Of course, autistics, such as myself, are not receptive so much, that is to say: one of the major ways you can tell we're autistic is that we have a hard time switching from telling everybody what's what, to listening. At least when it comes to face-to-face conversation. We may be good at absorbing written communications -- although there can be problems there too -- but that often breaks down in face-to-face communication. "Face to face" is even a misnomer in some conversations with autistics, because some autistics have a very hard time maintaining normal amounts of eye contact. I pretty much can't do it with most conversation partners. Don't take it personally, I have a problem.

But at least I know that it's a very serious problem. And I know that a lack of eye contact is just one of the ways in which I routinely fail to achieve what most people think of as the normal back-and-forth and give-and-take of conversation.

But that doesn't mean that I don't want to have more give-and-take with you. I doesn't mean I don't care. I realize that it often looks like I don't care, if it doesn't look even worse, as if I'm hostile or something like that. It's a technical problem with the interface. Don't worry, people are working on this.

Friday, April 12, 2013

Is It Me?

Do I struggle so to explain simple things to simple folk because of some flaw in my pedagogical technique? If so, and if that flaw is obvious, please tell me! Once again, for your amusement, The Wrong Monkey offers an unaltered transcript of my struggle to communicate with someone. Maybe it's me. Maybe it's been me all along:

HIM: (reacting to an article about how the age of the Gospel of Judas manuscript had been confirmed) Who cares?

ME: It's a manuscript which appears to be over 1700 years old. That's kinda cool.

HIM: What's cool is that it's a fake which naturally means con artists have been around forever.

ME: In this case, "authentic" means over 1700 years old -- regardless of the manuscript's content, the character of its author, whether Judas, or Jesus, ever existed, or what you want "authentic" to mean.

HIM: In other words if it were 1699 years old in wouldn't be authentic, but at 1701 it would? Good grief. I was curious if that was true or whether you were loony, maybe even both. My thesaurus has similar words for "authentic" from accurate to valid and lots more in between. But there is never a mention of any particular age the subject must be. And if you'd care to validate that just find an authentic thesaurus and you'll see.

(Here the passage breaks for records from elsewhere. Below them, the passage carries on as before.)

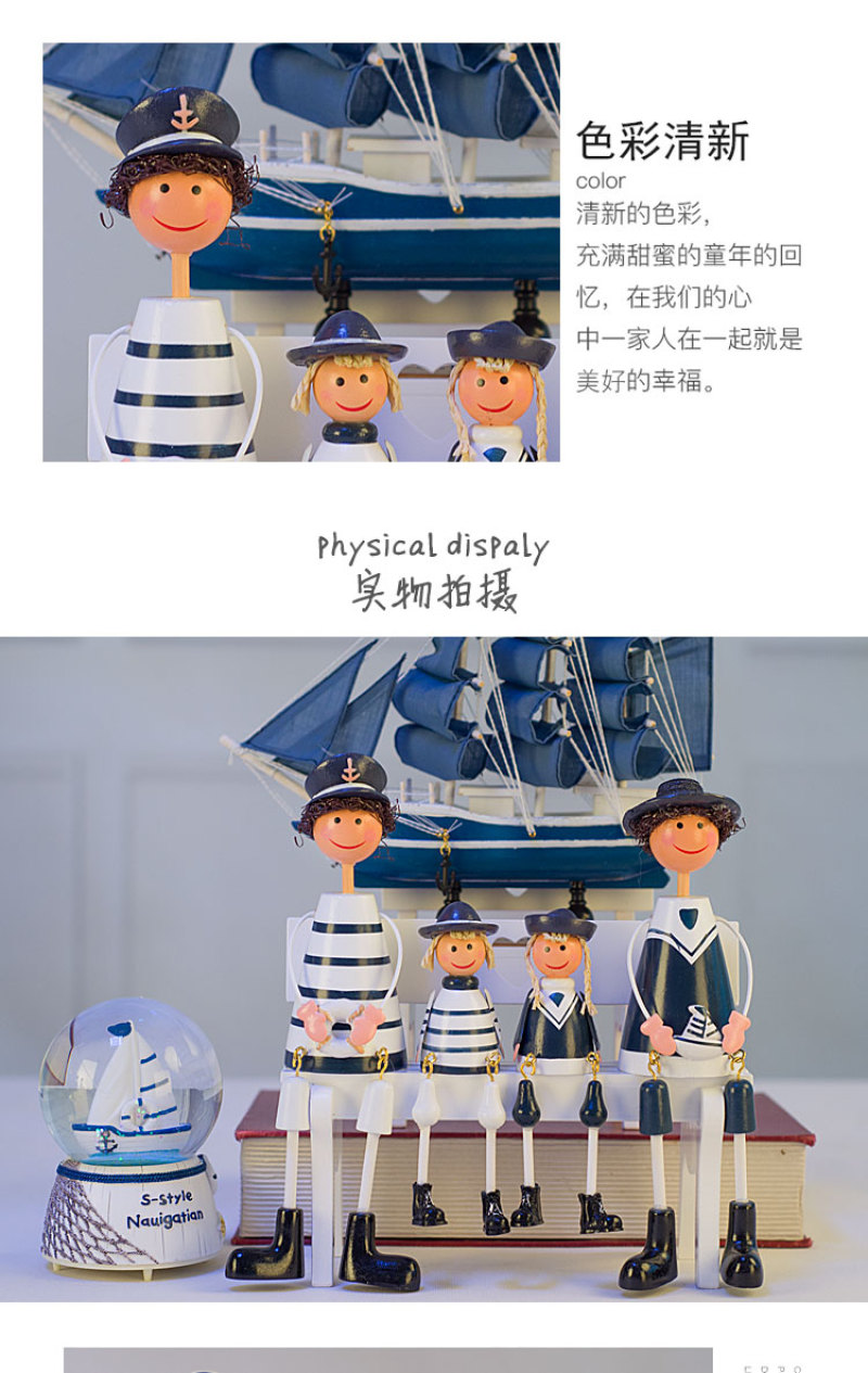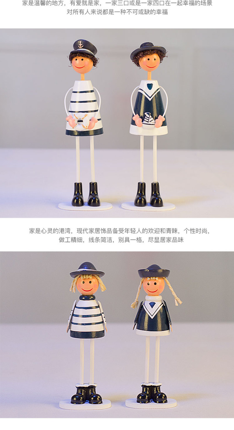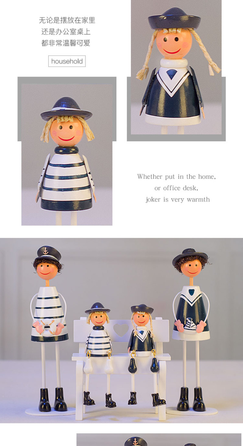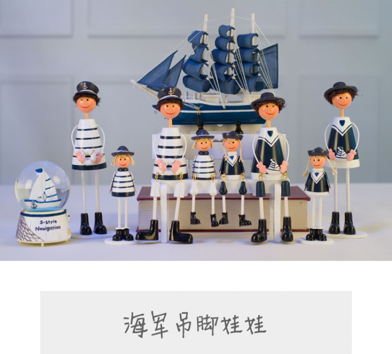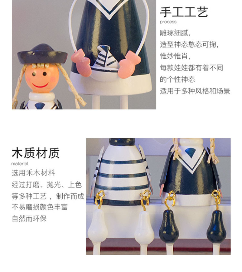 俊恒工艺厂家直销海军吊脚娃娃蓝色地中海风格家居装饰木质工艺品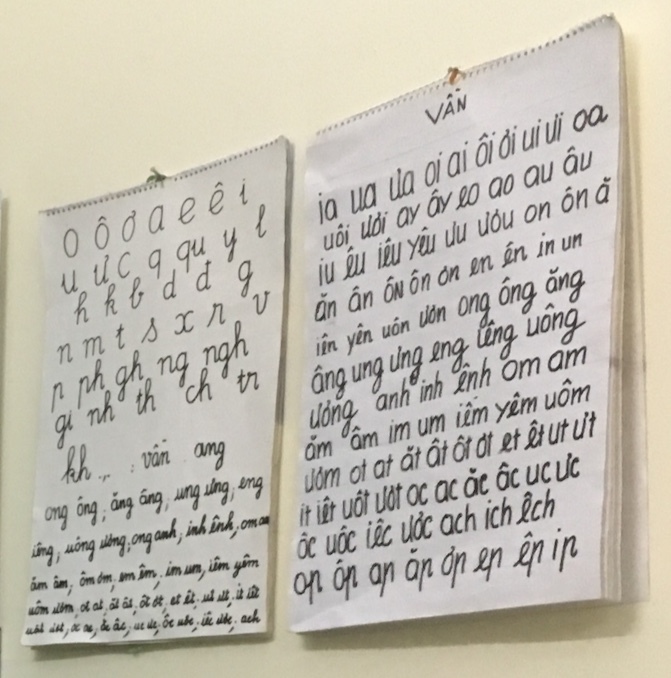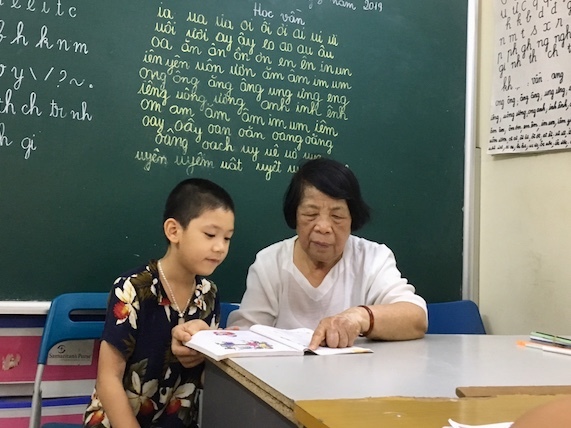 La señora Nguyen Thi Coi está enseñando a un niño a deletrear |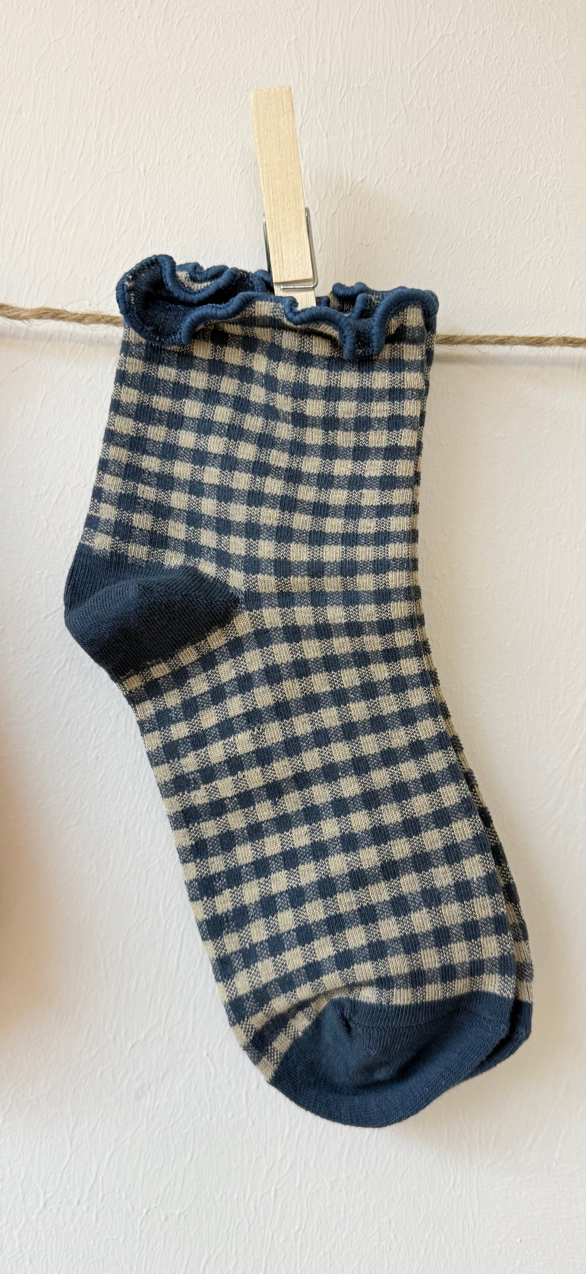 Calcetines Cayetana azules, con estampado vichy y volantes.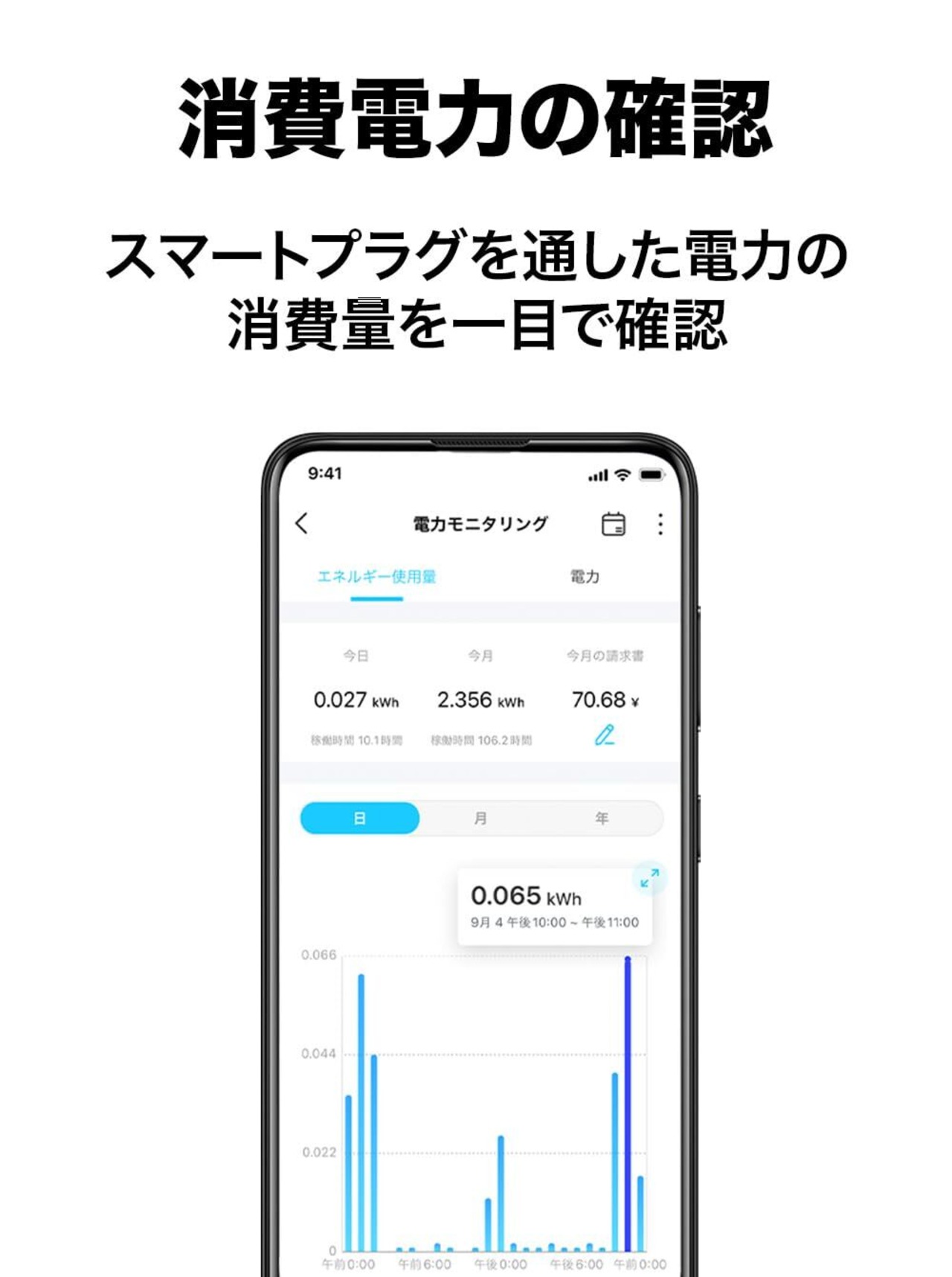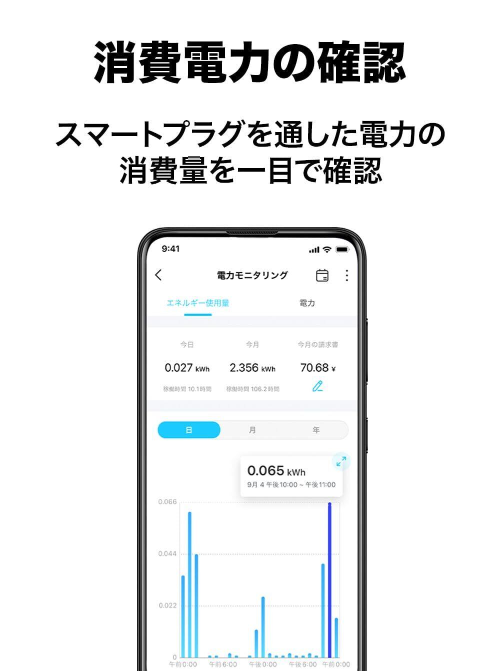 [消費電力モニタリング] プラグに挿した電気製品の電力使用状況を確認でき、電気料金の設定を行うと毎月の電気料金の目安を確認できます。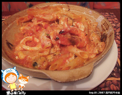 媽咪吃的是海鮮焗烤筆型麵,是茄汁的,
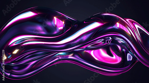 © Mohammad Xte, Fototapeta premium Splashing 3D Chrome Neon Fluid Form, Liquid Metallic Shape, Isolated on Black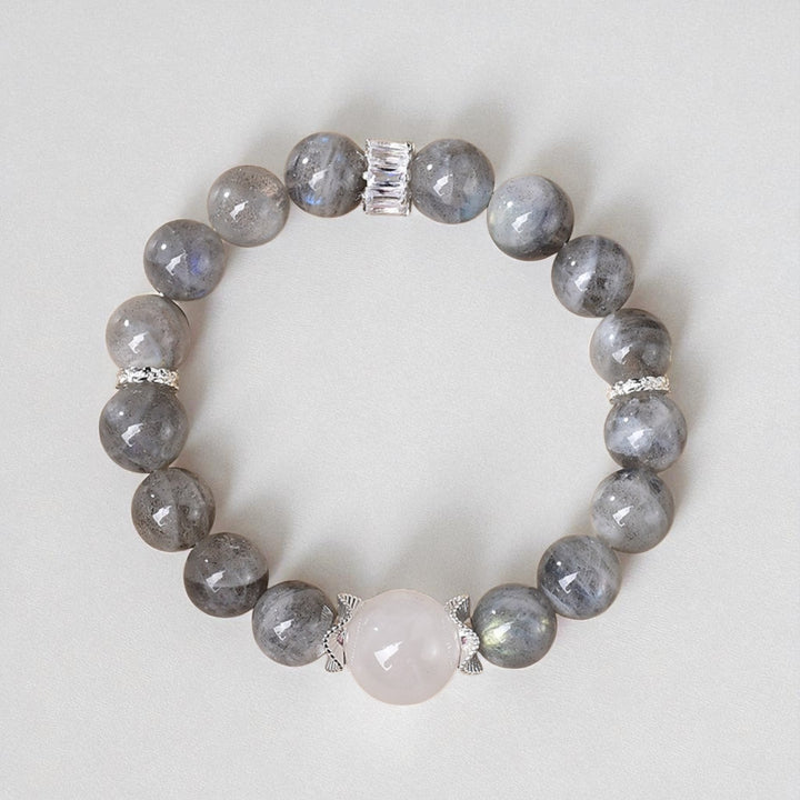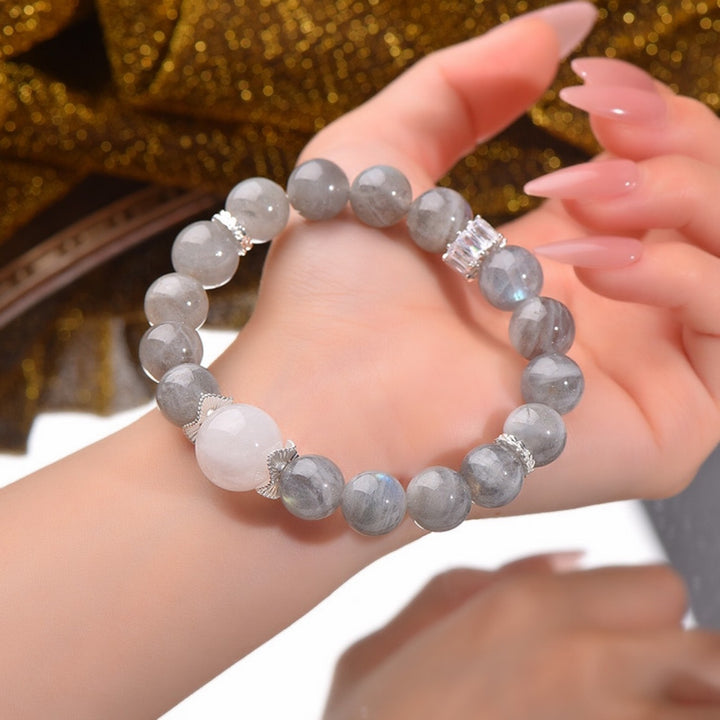 Made from natural gray moonstone and milky white crystal, combining subtle shimmer with soft elegance.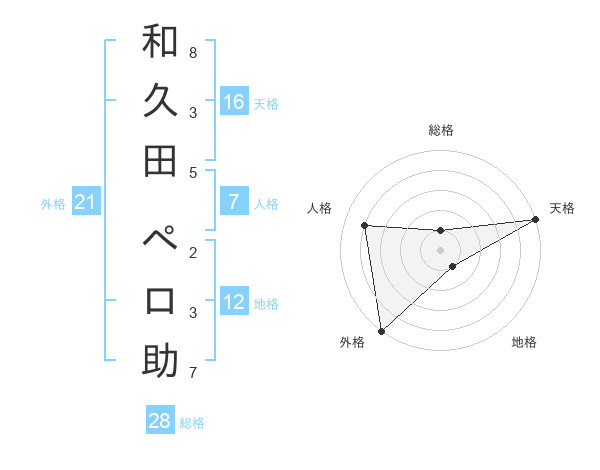 和久田 ペロ助さんを姓名の画数から五運を鑑定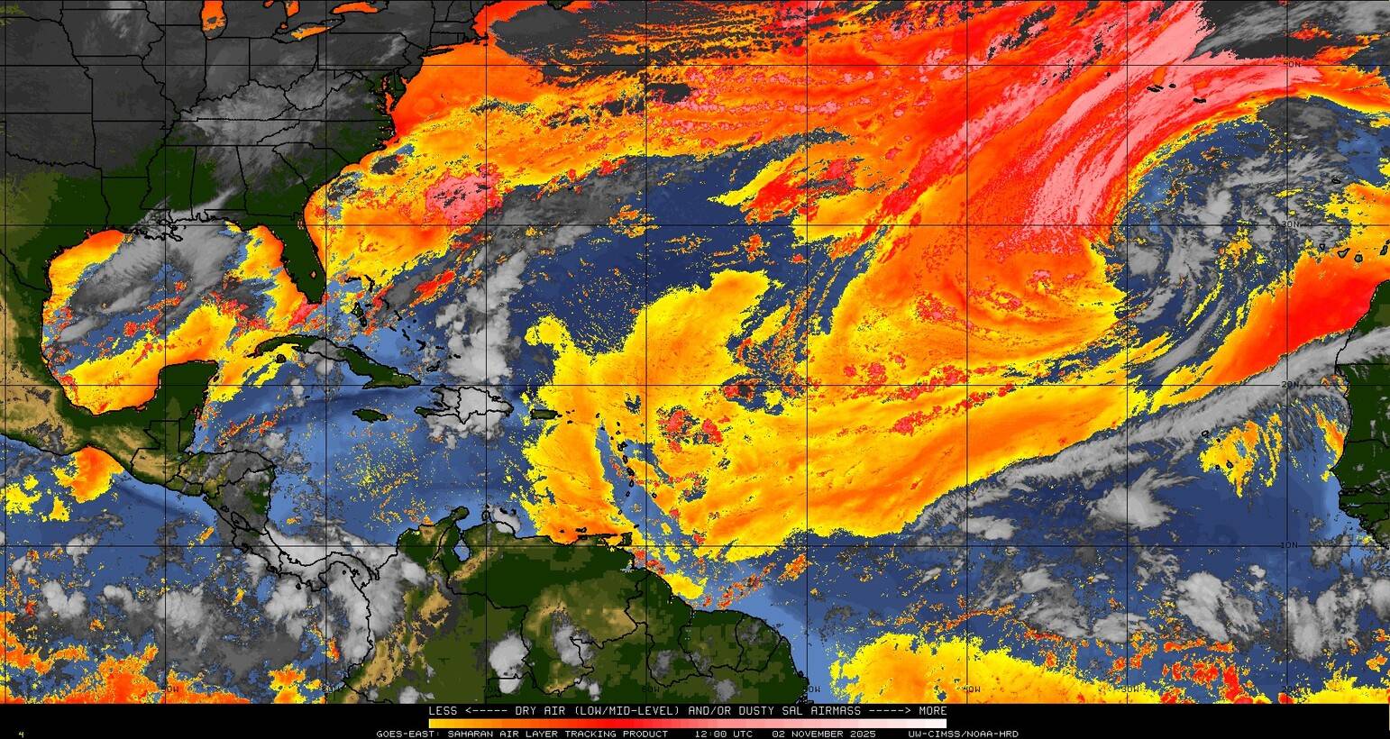 Il n’y a pas de cyclone ni de système surveillé par le NHC en Atlantique.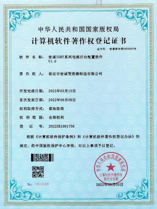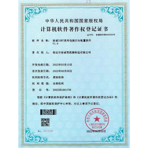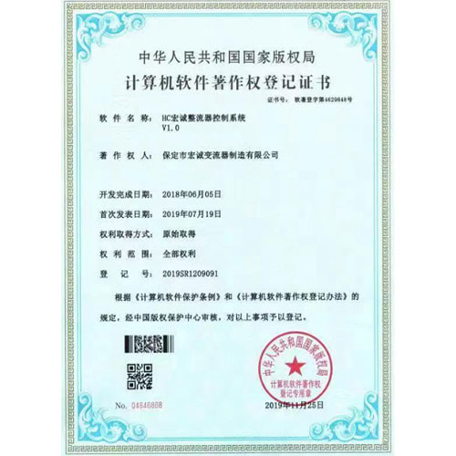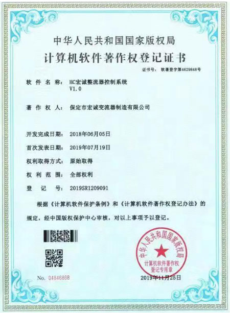 計算機軟件著作權(quán)登記證書--HC宏誠整流器控制系統(tǒng)V1.0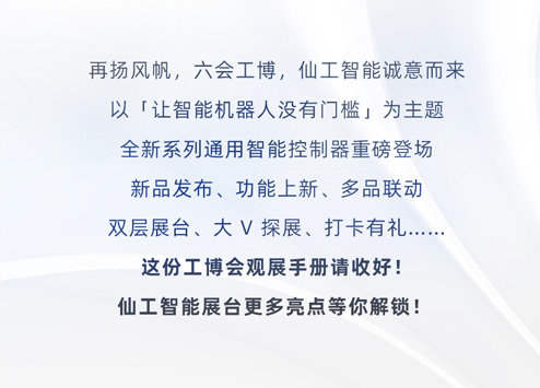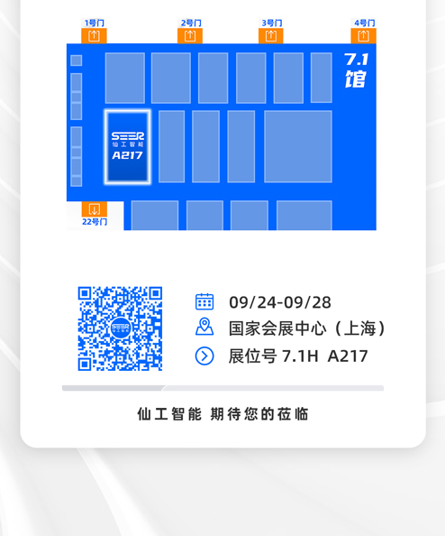 9 月 24 日,讓我們相聚 7.1H A217 仙工智能展位,看見(jiàn)智能機(jī)器人的 X 種可能。

ME: No, if it were 10 years old, or 150 years old, then it would be a fake, a fake which had been made to look like it was 1700 years old (GIVE OR TAKE!) And yes, I am loony. My Mom had me tested. By a specialist.

HIM: Are you suggesting if I were to build a fake Ferrari from one of those kits that are seen in all car magazines, when that fake Ferrari becomes a particular age, in this case 1700 years old give or take, it ceases to be a fake Ferrari and then somehow becomes an authentic one?

ME: No. It would never be a real Ferrari. But 1700 years from now it would be an authentic 21st-century artifact. Something built 1690 years from now and artificially aged to make it look like it was made in the 21st century will never be a 21st-century artifact.

At this point, to my astonishment -- I had been settling in for a long, long haul -- he said he understood, and who knows, maybe he really does. Could it be that my pedagogical technique, although still abysmal, is improving? It still seems that I may be enraging people when I'm trying to explain something. Sheldon, on The Big Bang Theory,seems to constantly enrage other people in the process of explaining things to them. But then Sheldon doesn't seem to care about his effect on others, or perhaps it's more that he rarely notices it. Maybe I need to be much, much more discreet about such explanations, and only offer them when requested. Maybe so, but the effort which would be involved in such a great change in my behavior, and the distress I would feel in seeing uncomprehension and doing nothing about it, makes me cringe already. Again, your feedback is welcomed.